Cordray: CFPB Boosted Credit Union Mortgage Lending
Richard Cordray, Director of the Consumer Financial Protection Bureau (CFPB), has engaged in some self-congratulatory accolades in a speech highlighting the credit union industry’s recent increase in mortgage originations.
Speaking today before a Washington, D.C., conference hosted by the National Association of Federal Credit Unions, Cordray insisted that the CFPB’s rules and guidelines to prevent a reprise of the 2008 crisis proved to be beneficial for credit union mortgage origination.
“Our first set of mortgage rules have been in place for over two and a half years, and we are seeing great progress,” Cordray said. “In 2014, the first year of our Ability-to-Repay rule on mortgage origination, owner-occupied home purchase mortgages increased by 4 percent, according to HMDA data, and growth was even stronger last year: home purchase mortgages increased by an estimated 13 percent to 14 percent. And it is notable that credit unions are thriving, with their share of mortgage lending actually growing. In fact, credit unions originated 39 percent more home purchase mortgages in the first nine months of 2015 than they did for the same period of 2014, according to recent data.”
Although Cordray repeated previous assurances that he did not hold credit unions responsible for the 2008 financial meltdown, he nonetheless insisted that these institutions should be grateful for the regulatory burden that the CFPB placed upon them.
“Many credit unions have focused on the compliance burdens of the new rules,” he continued. “But they have overlooked the positive benefits of the rules. A safer mortgage market that does not allow ‘no-doc’ loans, or loans that can be underwritten over misleading teaser rates, is a market that presents more favorable ground for responsible lenders like credit unions. When bad practices are rooted out, good practices are able to thrive, freed from the unfair competition of a race to the bottom. That is exactly what has happened for credit unions over the past two years. In addition, as the Consumer Bureau is building out a vigorous supervision program over non-bank mortgage lenders and mortgage servicers, you are being put on a level playing field with your competitors for the first time ever.”

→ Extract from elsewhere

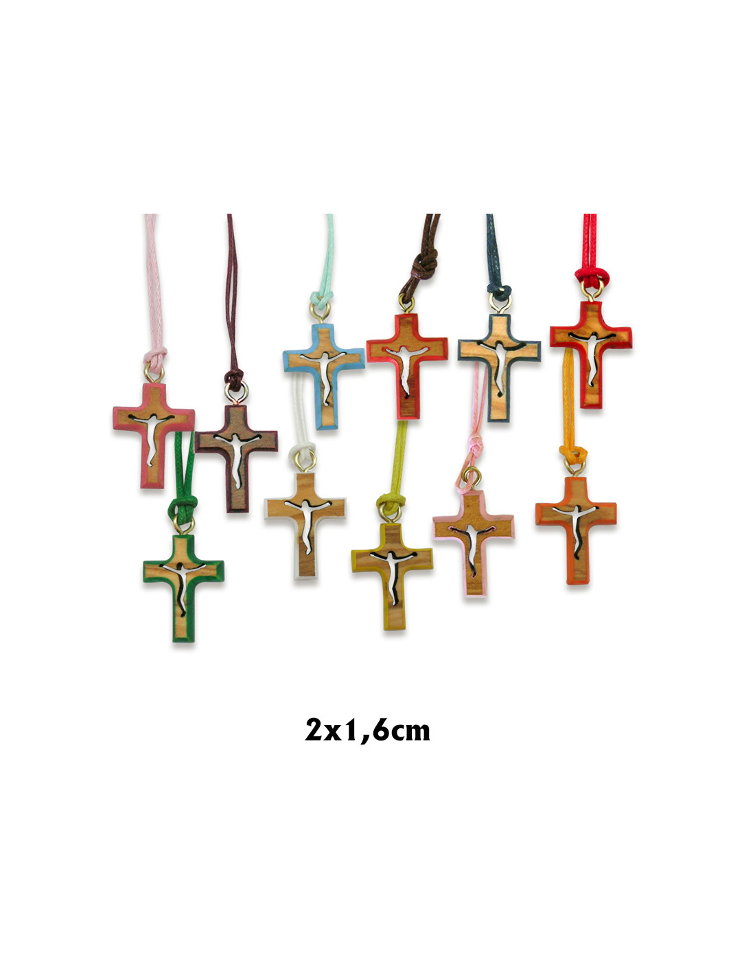 Cruz Madera En Color Cristo Grabado 22X15mm Cordon A Color De La Cruz

Cordray also acknowledged the input from credit unions for encouraging the CFPB to redefine “small creditor” and “rural area,” which he insisted was also good news for credit unions.
“We raised the loan origination limit for small-creditor status for first-lien mortgage loans from 500 to 2,000 per year, and we stopped counting loans held in portfolio by smaller creditors and their affiliates toward the limit,” he said. “Under the new rule, our small creditor provisions now cover all but about 150 of the very largest credit unions.”